We expect the following deliverables:
- All relevant code related to the project.
- sequential code + parallel implementations
- the parallel versions should check their result with the one
of the sequential version to proof that the outcome is
correct!
- A short report that describes:
- The problem (brief).
- The different implementations. You can be brief here,
since we have your source code. A diagram or scheme might be
helpful here.
- Links to sources of information and of source code.

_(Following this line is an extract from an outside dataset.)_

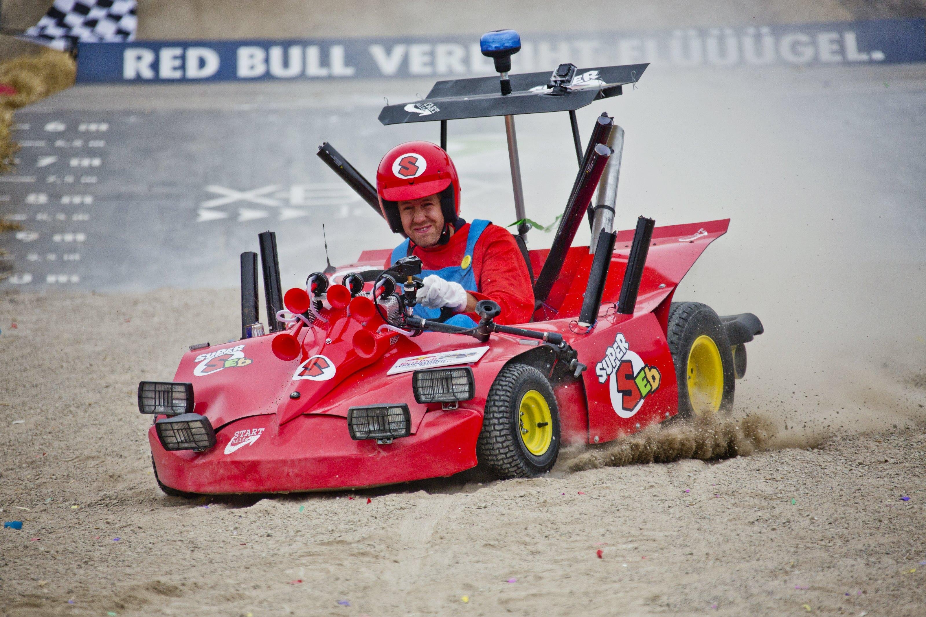 5. A háromszoros Forma-1-es világbajnok Sebastian Vettel egy Mario Kartot irányítva vett részt az egyik futamon.

- Description of the parallel system:
- Most important: a discussion of the performance of the
different implementations
- Give speedups, computational performance (flops) and
bandwidth of the different experiments
- MPI: determine the granularity (computation versus
communication) of your program.
- GPU: Determine the computational intensity of your
kernel to know whether it is memory bound or computation
bound or both. The roofline model will be briefly
discussed during the last exercise session using
this visual studio solution .
- Graphs:
- MPI and multithreaded: speedup in function of p
(number of processes/threads)
- all: speedup in function of W (problem size, which is
a problem-dependent parameter)
- which implementations are scalable?
- Discussion of results: compare implementations and try
to explain inefficiencies
- especially in case of bad speedups, try to find out
why it is performing so bad
- A small presentation for the other students and ourselves.The
presentation will be given by the end of December.
Topics
You are free in choosing a topic. For instance, you can parallelize
the algorithm of your thesis, or another one that interests you.
Here some suggestions:
- Sorting. Although an very common algorithm, it will still be
interesting to see some results. For instance, test bitonic sort
on the GPU! See the theory chapter devoted to it.
- Discrete Optimization Problem. Choose a problem, like the
shift puzzle of the theory (we have sequential java code you can
start from!). See the theory chapter devoted to it. Using the
power of a GPU is a challenge here, there are several options.
- Genetic algorithms.
Previous topics (which you can still choose)
For each topic we will give some pointers to problem descriptions
together with a number of possible implementations.
We will also try to give an estimation of the difficulty level and
feasibility.
Topics 2014-2015
For each topic we will give some pointers to problem
descriptions together with a number of possible implementations.
We will also try to give an estimation of the difficulty level and
feasibility.
a) Pattern recognition in signals
Consider the following large, historical 1D signal
consisting of 2 variables that fluctuate in time:
Let's index the two arrays as follows:
Now we want to find matches of a given, limited signal - the query
- in the historical data.
Example:
Indexed as follows:
To find a match we slide the query over the historical data and
for each offset calculate the distance between both:
=>
Here the sum of absolute differences is taken as distance metric.
b) OpenCL-OpenGL integration for processing and
viewing 3D images
- Apply image algorithms (to be discussed) on 3D images (OpenCL)
and be able to browse through them (OpenGL)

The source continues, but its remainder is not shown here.